What the exercise asks: Could you retype the records below exactly as they appear, skipping any pictures?

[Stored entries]
----

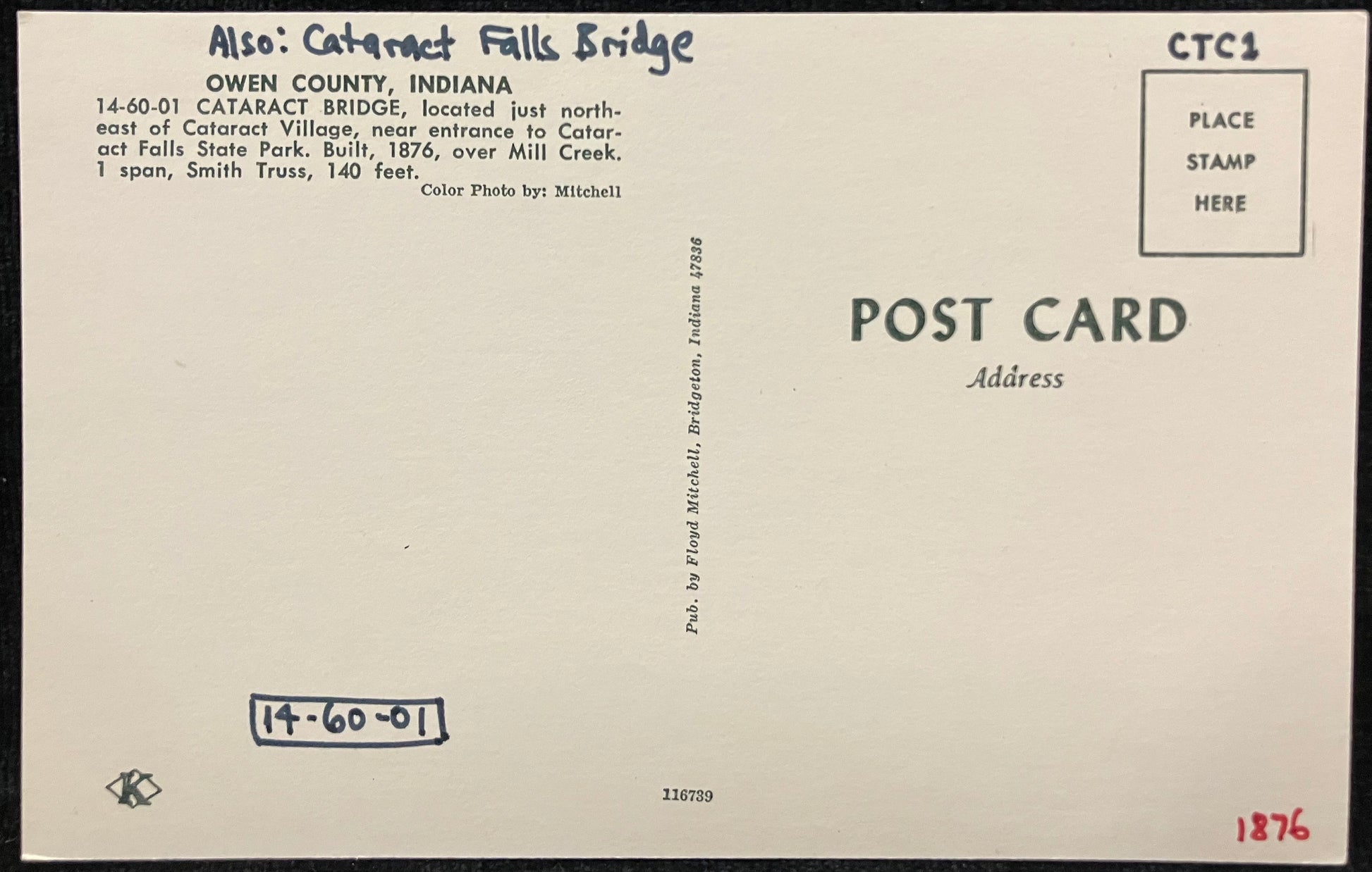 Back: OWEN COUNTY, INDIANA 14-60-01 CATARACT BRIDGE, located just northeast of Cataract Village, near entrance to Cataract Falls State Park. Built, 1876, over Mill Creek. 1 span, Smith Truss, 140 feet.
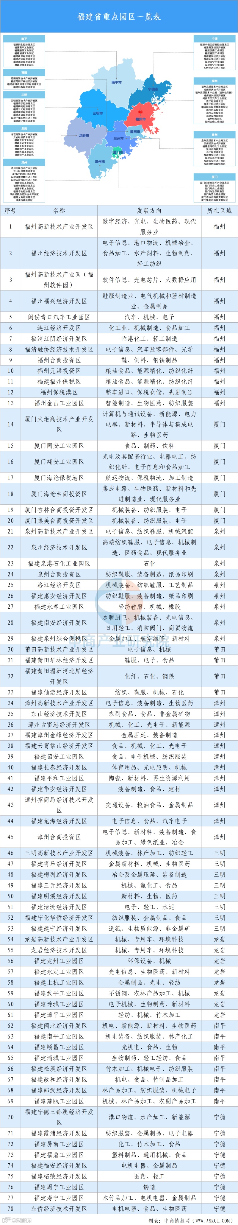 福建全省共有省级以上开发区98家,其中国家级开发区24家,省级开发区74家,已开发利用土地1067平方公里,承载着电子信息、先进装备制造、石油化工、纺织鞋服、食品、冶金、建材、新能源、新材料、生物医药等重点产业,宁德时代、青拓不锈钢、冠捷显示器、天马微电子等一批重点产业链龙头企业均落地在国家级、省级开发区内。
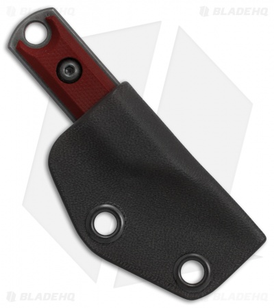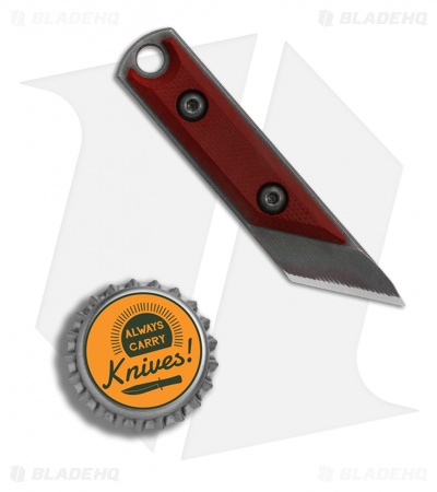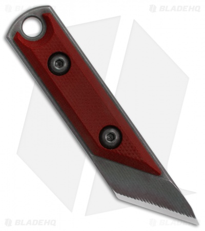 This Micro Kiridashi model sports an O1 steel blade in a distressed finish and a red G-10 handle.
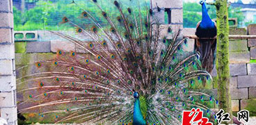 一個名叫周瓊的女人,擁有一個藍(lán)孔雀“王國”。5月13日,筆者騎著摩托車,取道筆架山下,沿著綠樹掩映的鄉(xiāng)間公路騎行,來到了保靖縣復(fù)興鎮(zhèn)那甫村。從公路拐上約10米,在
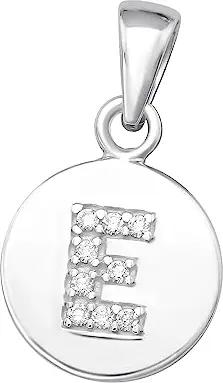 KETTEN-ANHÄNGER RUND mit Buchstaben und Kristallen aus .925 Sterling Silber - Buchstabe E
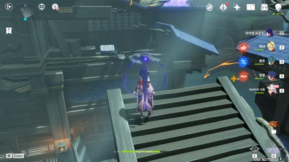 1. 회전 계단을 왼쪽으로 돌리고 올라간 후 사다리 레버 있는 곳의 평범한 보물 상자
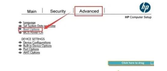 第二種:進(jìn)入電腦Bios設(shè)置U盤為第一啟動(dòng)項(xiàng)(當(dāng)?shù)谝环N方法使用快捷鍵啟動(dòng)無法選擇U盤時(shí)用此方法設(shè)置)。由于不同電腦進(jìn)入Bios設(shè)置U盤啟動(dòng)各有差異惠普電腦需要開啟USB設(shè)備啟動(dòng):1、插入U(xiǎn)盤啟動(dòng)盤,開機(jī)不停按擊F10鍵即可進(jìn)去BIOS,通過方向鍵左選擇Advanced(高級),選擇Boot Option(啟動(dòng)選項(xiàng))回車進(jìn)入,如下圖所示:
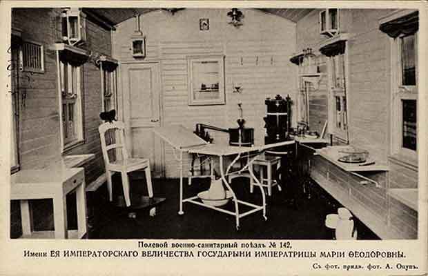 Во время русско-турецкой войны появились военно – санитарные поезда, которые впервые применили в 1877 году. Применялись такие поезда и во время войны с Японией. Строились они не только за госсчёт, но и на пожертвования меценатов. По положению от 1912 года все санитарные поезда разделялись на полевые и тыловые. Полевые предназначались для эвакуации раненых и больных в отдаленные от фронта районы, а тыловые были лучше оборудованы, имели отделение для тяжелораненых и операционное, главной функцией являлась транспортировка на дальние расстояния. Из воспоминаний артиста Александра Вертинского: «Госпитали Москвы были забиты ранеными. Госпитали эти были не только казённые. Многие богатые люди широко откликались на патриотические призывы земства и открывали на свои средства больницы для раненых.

----

Result of the task:
 Back: OWEN COUNTY, INDIANA 14-60-01 CATARACT BRIDGE, located just northeast of Cataract Village, near entrance to Cataract Falls State Park. Built, 1876, over Mill Creek. 1 span, Smith Truss, 140 feet.
 福建全省共有省级以上开发区98家,其中国家级开发区24家,省级开发区74家,已开发利用土地1067平方公里,承载着电子信息、先进装备制造、石油化工、纺织鞋服、食品、冶金、建材、新能源、新材料、生物医药等重点产业,宁德时代、青拓不锈钢、冠捷显示器、天马微电子等一批重点产业链龙头企业均落地在国家级、省级开发区内。
 This Micro Kiridashi model sports an O1 steel blade in a distressed finish and a red G-10 handle.
 一個名叫周瓊的女人,擁有一個藍(lán)孔雀“王國”。5月13日,筆者騎著摩托車,取道筆架山下,沿著綠樹掩映的鄉(xiāng)間公路騎行,來到了保靖縣復(fù)興鎮(zhèn)那甫村。從公路拐上約10米,在
 KETTEN-ANHÄNGER RUND mit Buchstaben und Kristallen aus .925 Sterling Silber - Buchstabe E
 1. 회전 계단을 왼쪽으로 돌리고 올라간 후 사다리 레버 있는 곳의 평범한 보물 상자
 第二種:進(jìn)入電腦Bios設(shè)置U盤為第一啟動(dòng)項(xiàng)(當(dāng)?shù)谝环N方法使用快捷鍵啟動(dòng)無法選擇U盤時(shí)用此方法設(shè)置)。由于不同電腦進(jìn)入Bios設(shè)置U盤啟動(dòng)各有差異惠普電腦需要開啟USB設(shè)備啟動(dòng):1、插入U(xiǎn)盤啟動(dòng)盤,開機(jī)不停按擊F10鍵即可進(jìn)去BIOS,通過方向鍵左選擇Advanced(高級),選擇Boot Option(啟動(dòng)選項(xiàng))回車進(jìn)入,如下圖所示:
 Во время русско-турецкой войны появились военно – санитарные поезда, которые впервые применили в 1877 году. Применялись такие поезда и во время войны с Японией. Строились они не только за госсчёт, но и на пожертвования меценатов. По положению от 1912 года все санитарные поезда разделялись на полевые и тыловые. Полевые предназначались для эвакуации раненых и больных в отдаленные от фронта районы, а тыловые были лучше оборудованы, имели отделение для тяжелораненых и операционное, главной функцией являлась транспортировка на дальние расстояния. Из воспоминаний артиста Александра Вертинского: «Госпитали Москвы были забиты ранеными. Госпитали эти были не только казённые. Многие богатые люди широко откликались на патриотические призывы земства и открывали на свои средства больницы для раненых.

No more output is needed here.